Cormac Michael Breslin (25 April 1902 – 23 January 1978) was an Irish Fianna Fáil politician who served as Ceann Comhairle of Dáil Éireann from 1967 to 1973. He served as a Teachta Dála (TD) from 1937 to 1977.

He was born in Bunbeg, Gweedore, County Donegal. He was educated at St Eunan's College, Letterkenny and, while Leas-Cheann Comhairle, attended the Golden Jubilee there in September 1956.

He was first elected to Dáil Éireann as a Fianna Fáil Teachta Dála (TD) for the Donegal West constituency at the 1937 general election.

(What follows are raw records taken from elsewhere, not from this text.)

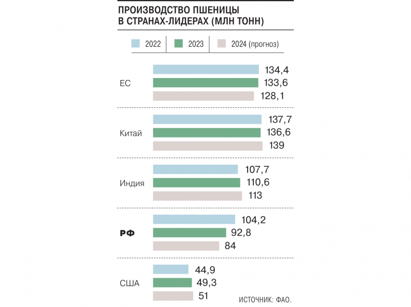 Мировое производство пшеницы в 2024 году составит 789,1 млн тонн, прогнозирует Продовольственная и сельскохозяйственная организация (ФАО) ООН в новом докладе о рынке зерна. Таким образом, объем сбора пшеницы может оказаться чуть выше прошлогоднего (788,1 млн тонн). В последние несколько месяцев ожидалось, что показатель в этом году снизится. Рост производства в 2024-м прогнозируется в том числе для таких стран-лидеров по сбору пшеницы, как Китай (139 млн тонн в 2024 году после 136,6 млн в 2023-м), Индия (113 млн после 110,6 млн тонн) и США (51 млн после 49,3 млн тонн). У остальных ключевых производителей урожай пшеницы ожидается хуже прошлогоднего. Так, в Евросоюзе он составит 128 млн тонн, что на 5% ниже среднего показателя за последние три года. Главные причины — засуха на юге Европы и рекордные осадки на севере. В 2023-м в странах ЕС было собрано 133,6 млн тонн пшеницы.
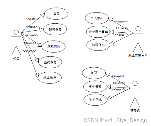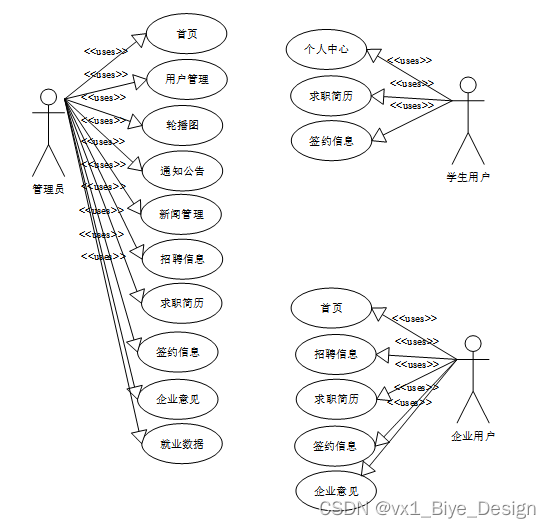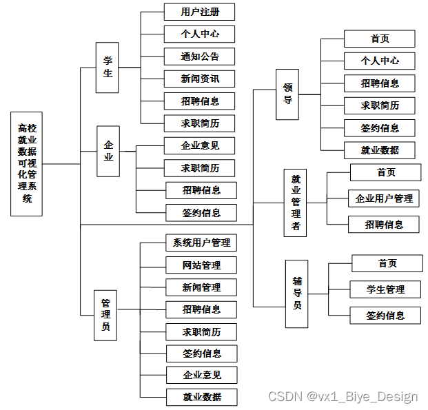 高校就业数据可视化管理系统的功能主要分为前台用户根据自己的需求进行注册登录,浏览职位信息并对选中的职位进行申请操作。管理员主要对注册用户,招聘信息、求职简历、签约信息、企业意见、就业数据进行处理。
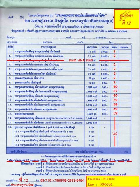 วัตถุประสงค์ เพื่อหารายได้สร้างกุฏิถวายหลวงพ่อ
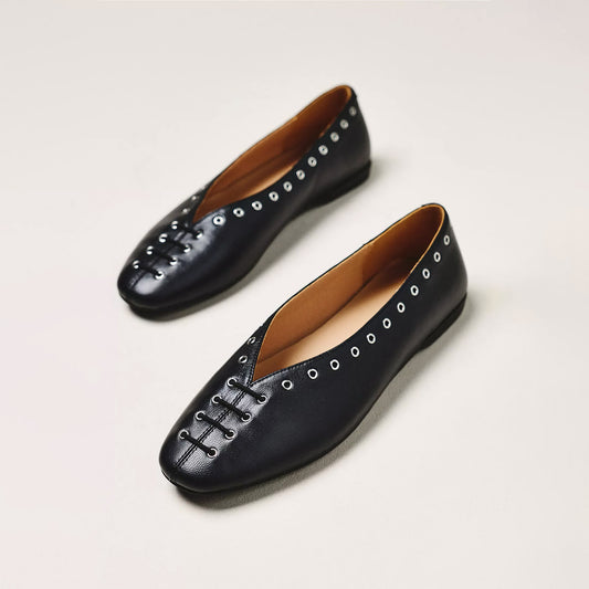 Black Square-Toe Grommet Lace-Up Ballet Flats
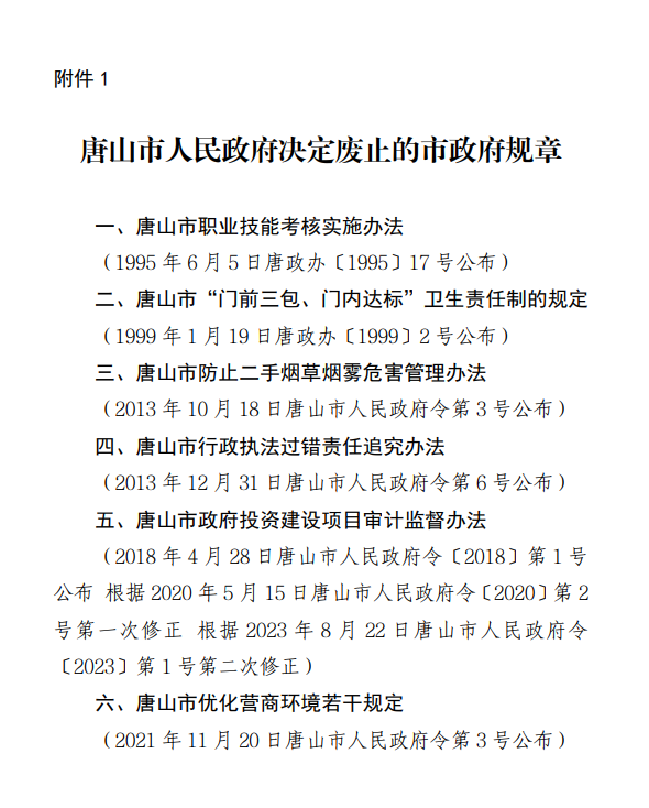 唐山市人民政府官網(wǎng)發(fā)布關(guān)于廢止和修改部分市政府規(guī)章的決定詳情如下 來源:中國唐山
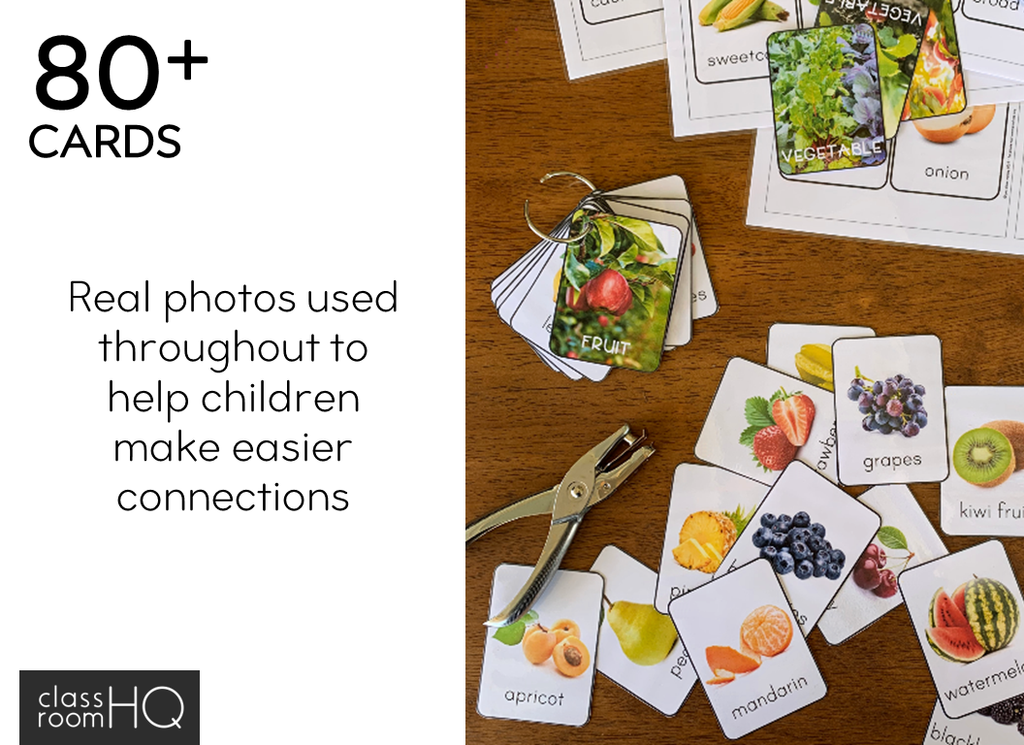 Featuring over gorgeous real life photo cards of 80 of the most commonly found fruit and vegetables, use these cards to create a vocabulary rich environment, print out two sets to play memory with or create a smaller version to use shopping or to create a print rich play center.

He was re-elected at every election until his retirement in 1977, switching constituency to Donegal South-West in 1961 and to Donegal–Leitrim in 1969. He served as Ceann Comhairle of Dáil Éireann from 1967 to 1973, and as Leas-Cheann Comhairle from 1951 to 1967. He is credited for helping found the industrial estate in Gweedore, and also the turf burning station—a source of employment in his local parish, which allowed local people to cut the turbary and sell it to the station operated by the Electrical Supply Board (ESB), situated in Min a Cuing. 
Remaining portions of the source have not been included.